HANNITY: Yes. What I'm hearing is, if you win the primary, what you're setting up is really compare and contrast. Two very distinct, different visions. Barack Obama wants to transform America. And you are in many ways saying you want to transform America.
GINGRICH: Well, I think President Obama wants to change America into a different country. I want to renew the American dream that all of us are endowed by our creator with certain alienable rights, that we have the right to pursue happiness. He wants to redistribute wealth. I want to make sure everybody has a chance to create wealth. You know, if somebody hasn't created it, you can't redistribute it.
I saw him today talking about how no school is going to fail. The sad fact is, his administration backs things like the New York City union, which wants to fire the 5,000 most newest, most aggressive, most energetic, most dedicated teachers on behalf of mediocrity. And I think that we ought to be clear about this. If you want people not to fail, then you better have a standard of measuring success. You better have a standard of encouraging people to do their best. And the president unfortunately actually backs bureaucracies that guarantee we are not going to succeed.
HANNITY: What do you think, for example, when you have a $14 trillion debt -- by the time the next president gets in the office, it will probably be somewhere around $18 trillion -- how do you -- with the numbers so big and so massive, how do you get to a balanced budget and then start paying down that debt?

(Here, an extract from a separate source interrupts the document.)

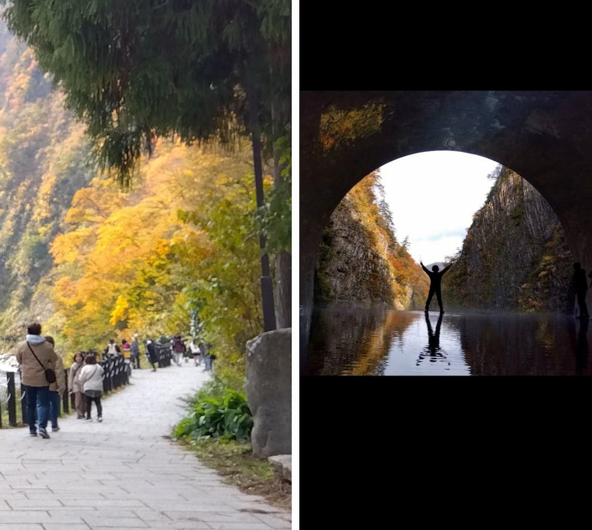 ② 清津峡・・・越後湯沢駅よりバスで30分位の所。 清流沿いに 紅葉を愛でながら「清津峡渓谷トンネル」入口を目指します。 全長750m先のトンネルの終点に パノラマステーションが有り 渓谷の景観を反転して映す"水盤鏡"が SNSでバズっています。 〈2〉愛知県 紅葉の時期になると シンボル的存在の「待月橋」が人々で埋め尽くされている画像が流れて 気持が削がれていましたが〜今回 名古屋泊で朝イチに到着 1番乗りで ゆったり散策出来ました。

GINGRICH: Well, first of all, when I became speaker, people thought you couldn't balance the budget at all. It was common wisdom among all of our elites.
HANNITY: What was the deficit then? What was the debt then?
GINGRICH: Debt, a couple of hundred billion dollars. The deficit was probably a third of what it is now. But here's my point. It is just a question of scale. We actually got to a balanced budget in three years. Now, there were a couple of things you would do immediately. First is, you'd pass very dramatic tax cuts to create economic growth, because if you go from nine percent unemployment down to four and five percent of the American people go back to work, they come off Medicaid, they come off food stamps, they come off unemployment, they start paying taxes because they have a job. That's step number one to a balanced budget.
Second, quit spending. I mean, this new budget the president sent in is a joke. He ought to call Governor Cuomo and Governor Brown, who are Democrats, and ask their advice because both of them are trying to get to a balanced budget because they have to. And his budget is a disaster. See, just stop spending.
Senator Manchin, who as the Democratic conservative governor of West Virginia, with a $4 billion dollar state budget, had $1 billion rainy day fund. He said, the first thing he did when he became governor is he stopped hiring. He said, there's about a 10 percent turnover in a year, and if you just stop hiring, within two years, you have a dramatically smaller government. So, you can -- my message is simple. I have done it with the help of a lot of people, John Kasich among others. We can do it again. A balanced budget is possible. And that should be one of our goals.
HANNITY: All right. We're going to take a break. More with the former Speaker of the House coming up right after the break.
HANNITY: And welcome back to "Hannity." We continue now, joining me in studio, former Speaker of the House, Newt Gingrich. I just -- one little point on this. So, you have this website, NewtExplore2012.